Fig. 2 & 3: Dresses with the same displayed size (left) can be cut differently and have a differing universal size (right).

2. Data

To compare clothes and their shop sizes, we started with the purchase history of all customers. Our data set consists of customers, the products they bought and the sizes in which they kept these products. Let’s create a tiny dummy data set using the following snippet:

Fig. 4: Dummy data with purchases

Here, customer A has bought and kept two products: product X in size 40 and product Y in size 42. His buying profile consists therefore of two product-size-tuples (X, 40) and (Y, 42). We will use this notation a lot.

3. Main Idea

Let’s assume, we have two pieces of clothing and their shop sizes (X, 42) and (Y, 44). Currently, we cannot really say for sure if (X, 42) < (Y, 44), because sizes are difficult to compare (as explained above). Our main goal is to learn a universal size mapping S for all product-size-tuples that allows us to make better size comparisons for the whole clothing assortment.

If product X in size 42 is smaller or tighter for most customers than product Y in size 44 our mapping S should yield: S(X, 42) < S(Y, 44).

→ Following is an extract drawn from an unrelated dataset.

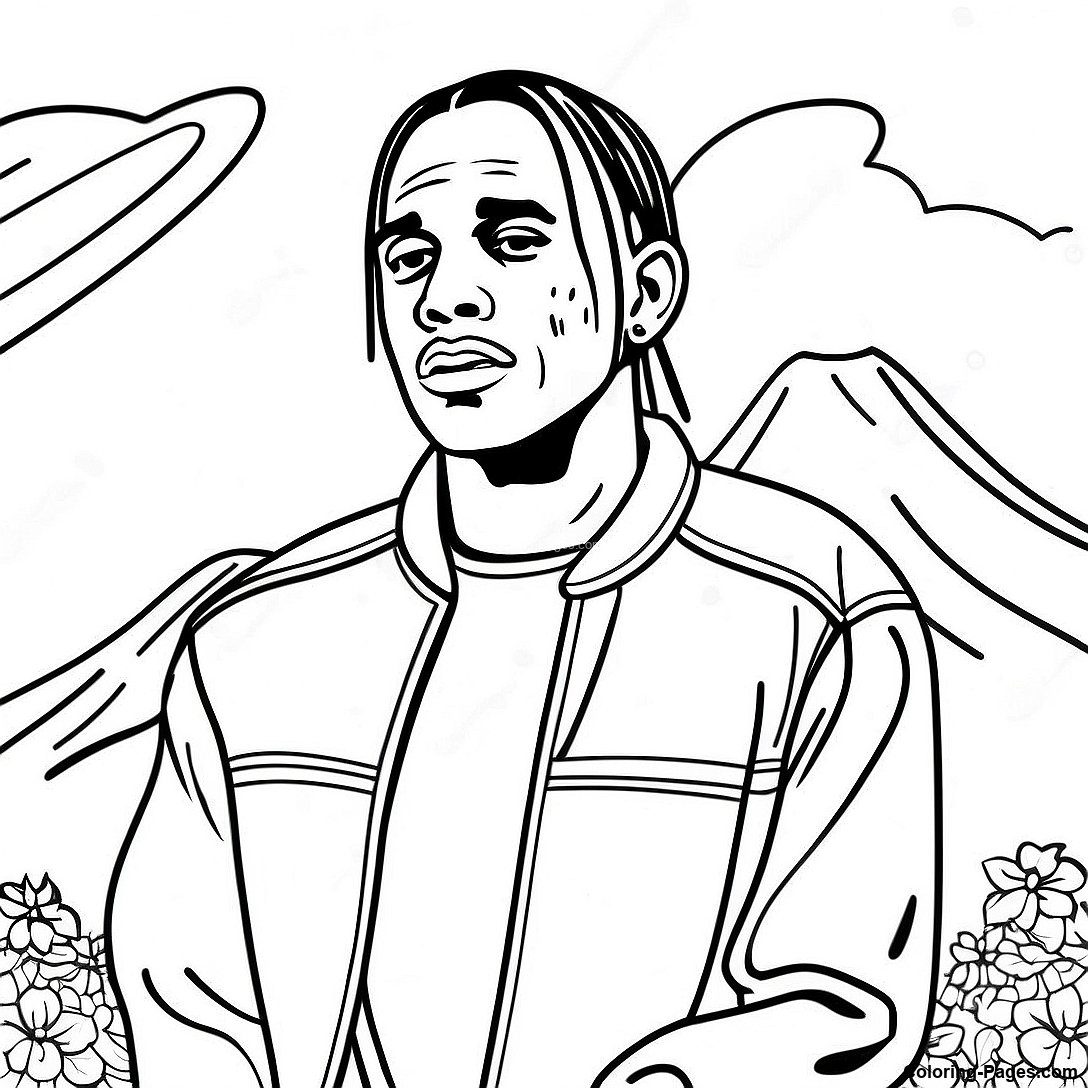 Download Printable PDF of Travis Scott With Astroworld Background Coloring Page

We should emphasize that we want to find size relations that are valid for most customers. As people come in all shapes and sizes, it is most likely impossible to find relations that are always correct for all customers.

To solve this problem and create an extensive product-size mapping S, we extracted pairwise item samples from our data set, turned this problem into a pairwise ranking problem and solved it using a simple pytorch model.

4. Pairwise Ranking

To turn our data set into a training set with multiple pairwise ranking samples, let’s first have a look at the single customer profile of customer B from our dummy data. This customer has bought three clothing items:
(Z, 16), (X, 44) and (Y, 44).

  • Assumption 1: The first underlying assumption for our approach is that two pieces of clothing bought and kept by the same customer should have a similar clothing size. For our single customer B, we can therefore conclude that e.g. (X, 44) = (Y, 44), because he bought these two items and kept them.
    This general assumption is, of course, in many cases not correct as, for example, people also buy products for their partners and children. However, this noise should even out when using a vast amount of historical data and for the majority of profiles we can assume that kept products have a similar size.
  • Assumption 2: The second assumption in place is that for the same clothing item, a higher clothing size indicates an overall larger size. Thus, we can safely assume that (Y, 44) < (Y, 46) or (X, 42) < (X, 44), as these relations are given by the manufacturer and should always be true.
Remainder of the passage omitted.